_Directions for this task_. Write out the lines below exactly, beginning at the one with "3、在京东客服聊天页面咨询相关问题,选择订单后申请保价即可。" and stopping after the one with "入口门头以气质文雅的浅灰色蓝"; the pictures are not copied.

▬▬▬▬▬▬▬▬▬▬

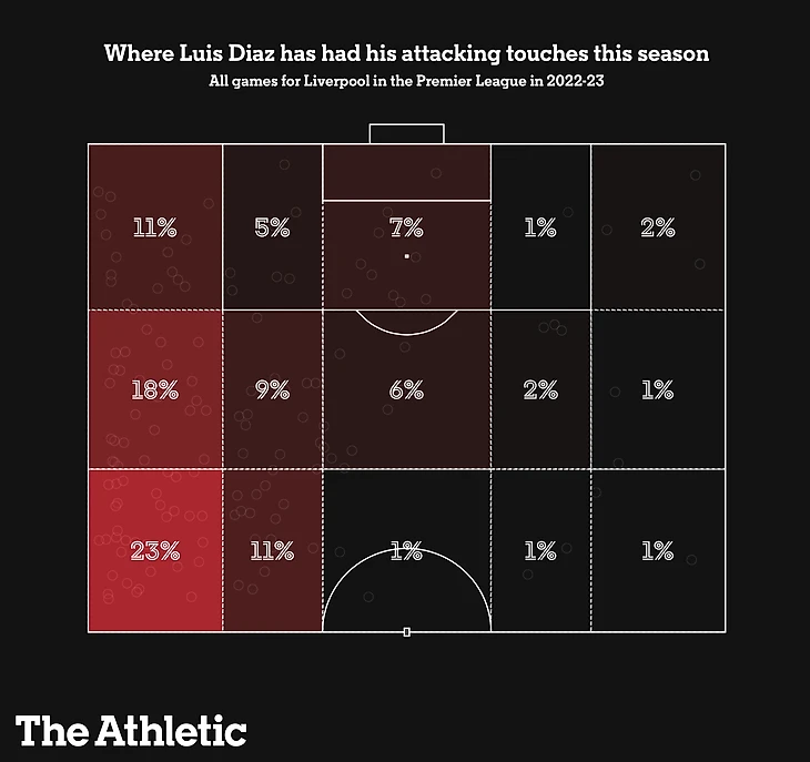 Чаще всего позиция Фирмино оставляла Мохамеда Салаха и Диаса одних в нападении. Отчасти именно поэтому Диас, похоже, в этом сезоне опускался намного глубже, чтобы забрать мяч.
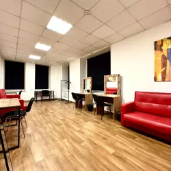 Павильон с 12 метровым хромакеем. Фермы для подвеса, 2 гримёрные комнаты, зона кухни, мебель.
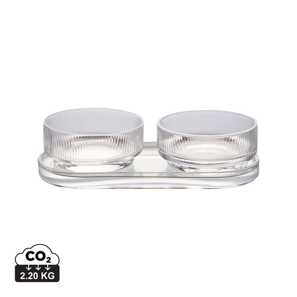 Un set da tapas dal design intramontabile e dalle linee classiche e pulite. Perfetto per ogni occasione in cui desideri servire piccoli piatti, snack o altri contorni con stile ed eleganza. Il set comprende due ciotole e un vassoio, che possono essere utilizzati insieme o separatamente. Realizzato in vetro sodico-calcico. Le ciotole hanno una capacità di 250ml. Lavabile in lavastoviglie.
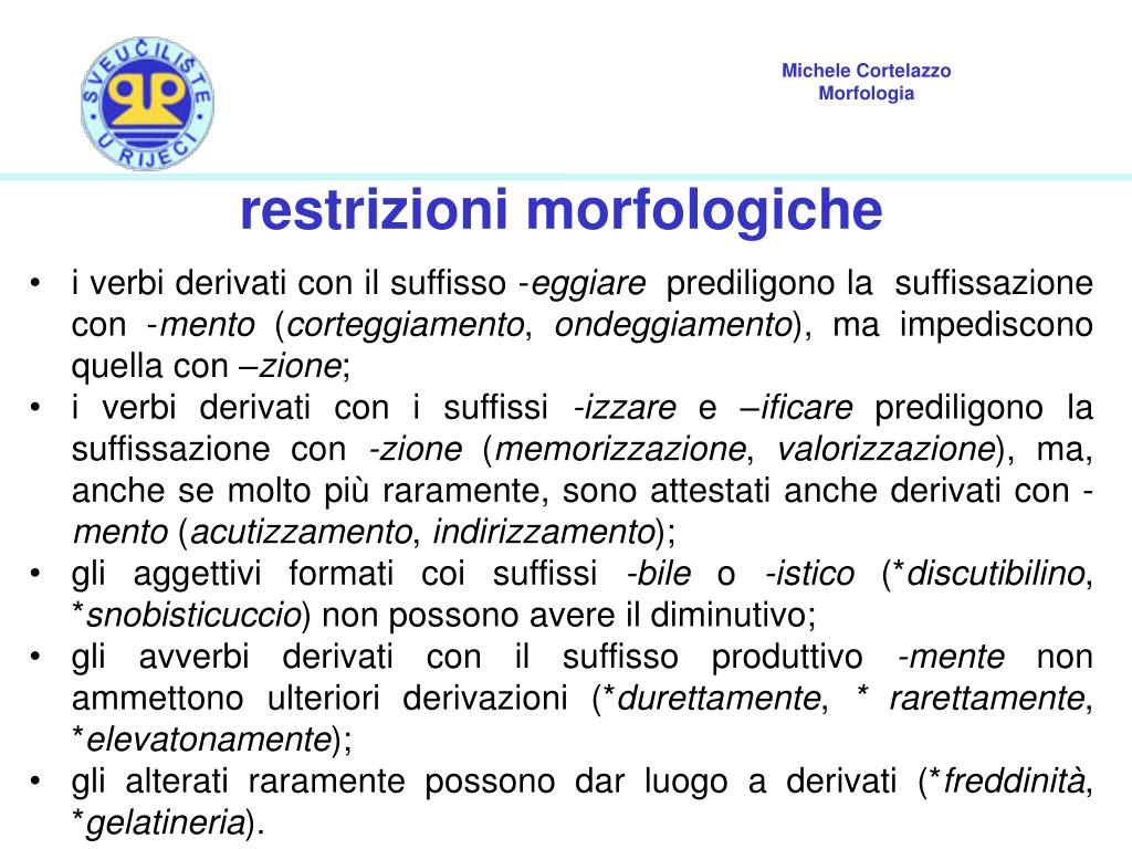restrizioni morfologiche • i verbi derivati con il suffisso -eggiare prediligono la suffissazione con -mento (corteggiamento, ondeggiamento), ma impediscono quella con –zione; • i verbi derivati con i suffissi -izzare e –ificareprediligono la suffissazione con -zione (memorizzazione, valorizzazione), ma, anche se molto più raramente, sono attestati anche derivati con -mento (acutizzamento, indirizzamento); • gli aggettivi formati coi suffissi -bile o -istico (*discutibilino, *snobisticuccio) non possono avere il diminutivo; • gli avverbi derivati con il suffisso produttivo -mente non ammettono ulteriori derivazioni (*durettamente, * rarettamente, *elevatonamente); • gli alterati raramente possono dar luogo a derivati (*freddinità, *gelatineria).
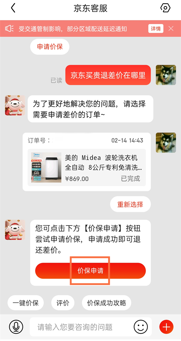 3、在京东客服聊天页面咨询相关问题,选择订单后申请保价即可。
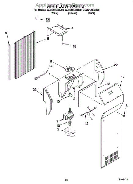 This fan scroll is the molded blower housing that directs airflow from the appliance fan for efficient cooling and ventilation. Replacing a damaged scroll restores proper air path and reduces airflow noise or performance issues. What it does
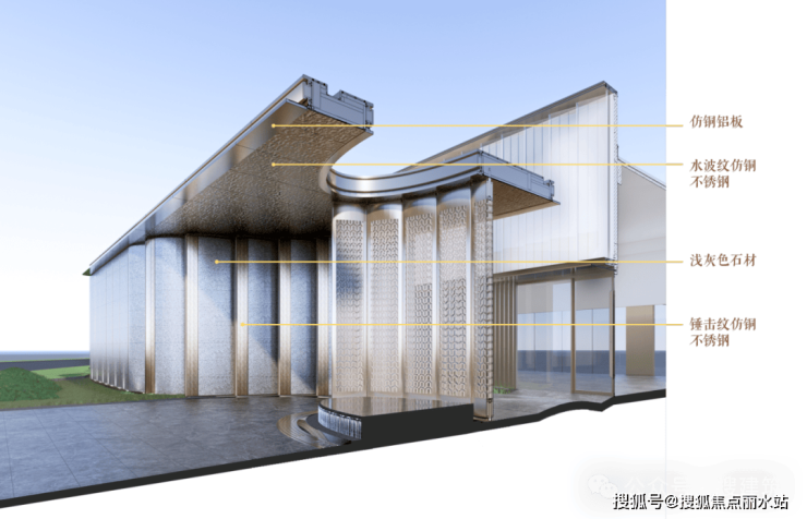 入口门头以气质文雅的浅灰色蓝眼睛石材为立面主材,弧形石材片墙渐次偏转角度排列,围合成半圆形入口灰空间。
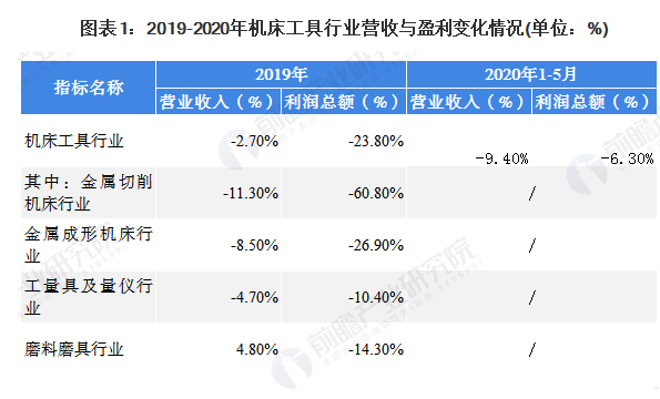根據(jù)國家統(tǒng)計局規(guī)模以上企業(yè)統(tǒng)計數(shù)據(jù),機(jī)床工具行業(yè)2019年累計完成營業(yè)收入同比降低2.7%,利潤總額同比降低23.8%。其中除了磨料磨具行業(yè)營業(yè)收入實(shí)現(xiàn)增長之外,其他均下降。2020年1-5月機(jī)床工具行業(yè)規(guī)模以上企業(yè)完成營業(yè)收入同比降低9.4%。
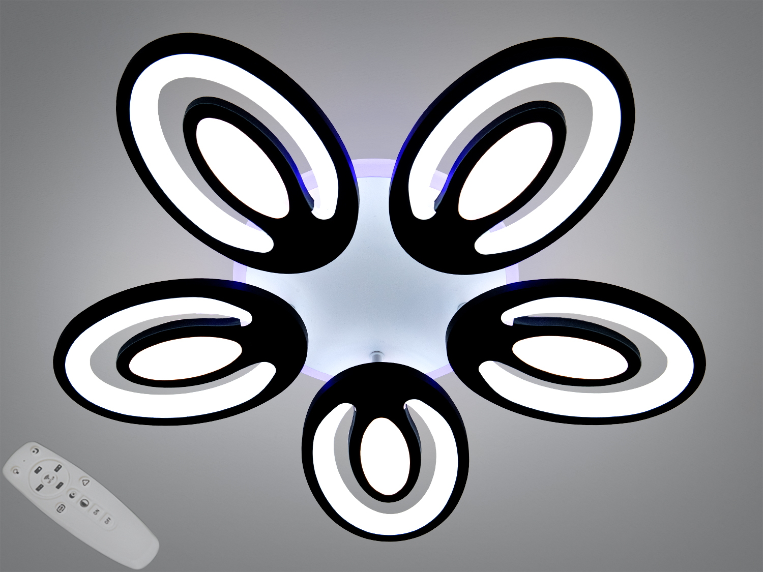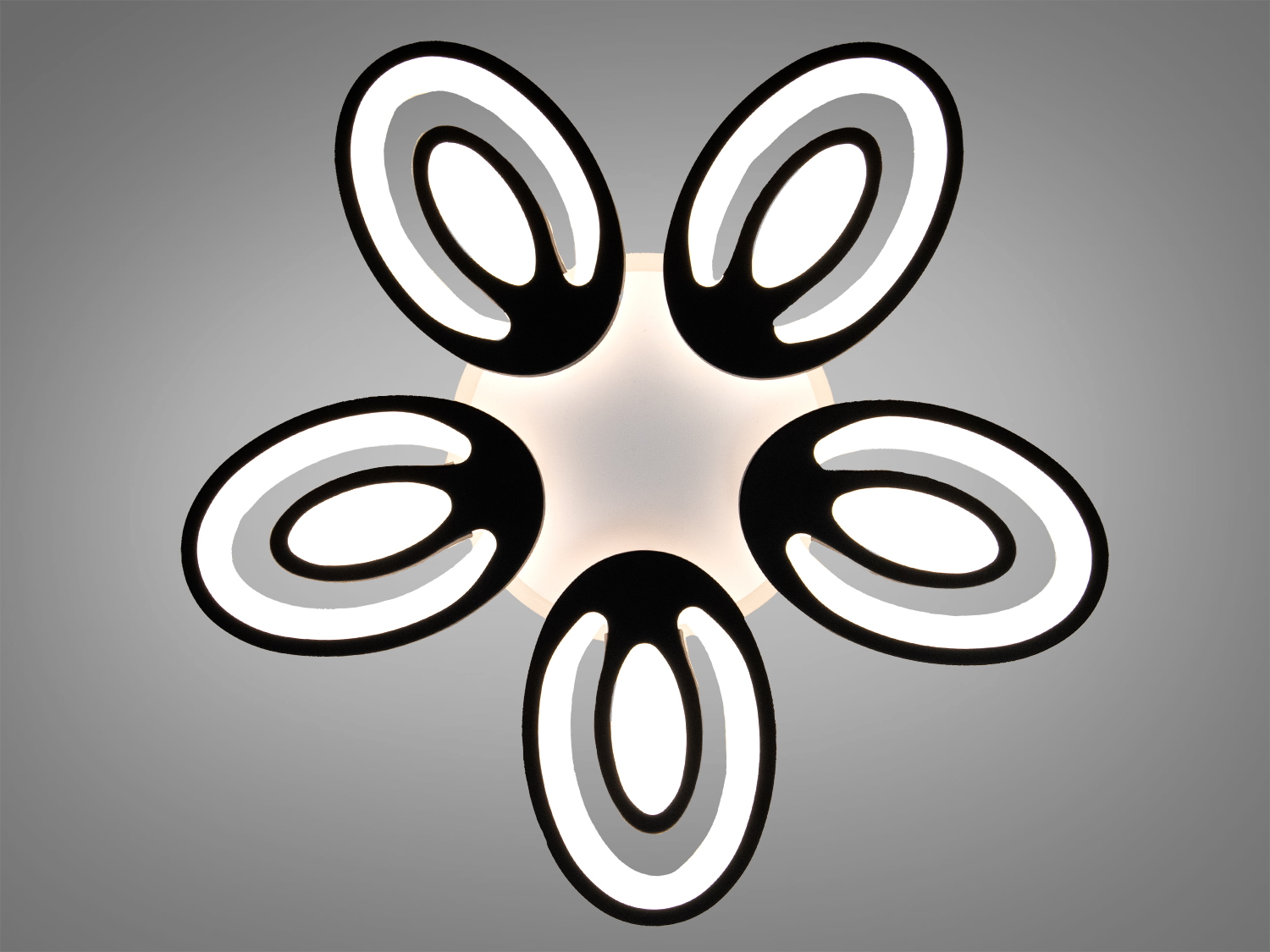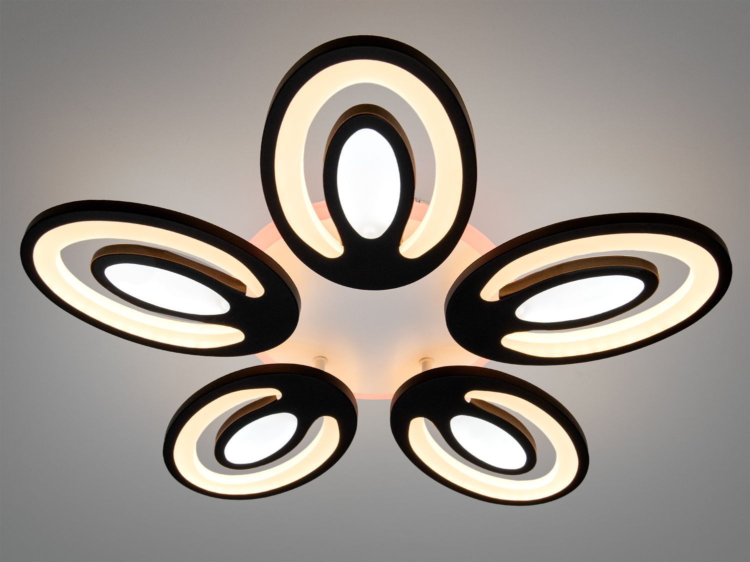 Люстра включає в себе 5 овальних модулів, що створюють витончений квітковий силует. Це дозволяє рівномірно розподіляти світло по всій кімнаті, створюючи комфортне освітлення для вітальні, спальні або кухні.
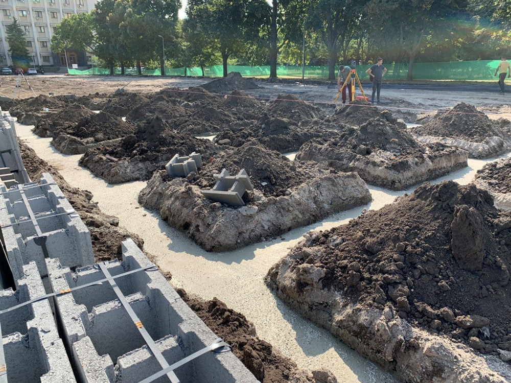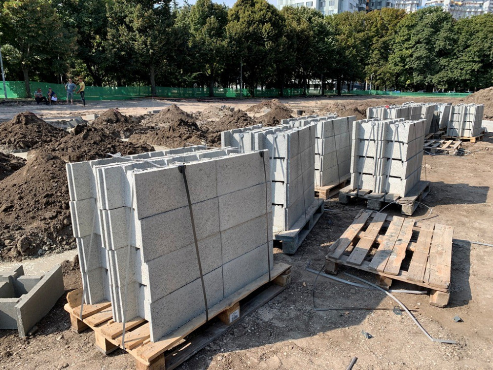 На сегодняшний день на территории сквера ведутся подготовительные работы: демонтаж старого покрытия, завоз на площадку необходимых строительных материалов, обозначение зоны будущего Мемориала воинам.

▬▬▬▬▬▬▬▬▬▬

_Response for this exercise_.
 3、在京东客服聊天页面咨询相关问题,选择订单后申请保价即可。
 This fan scroll is the molded blower housing that directs airflow from the appliance fan for efficient cooling and ventilation. Replacing a damaged scroll restores proper air path and reduces airflow noise or performance issues. What it does
 入口门头以气质文雅的浅灰色蓝眼睛石材为立面主材,弧形石材片墙渐次偏转角度排列,围合成半圆形入口灰空间。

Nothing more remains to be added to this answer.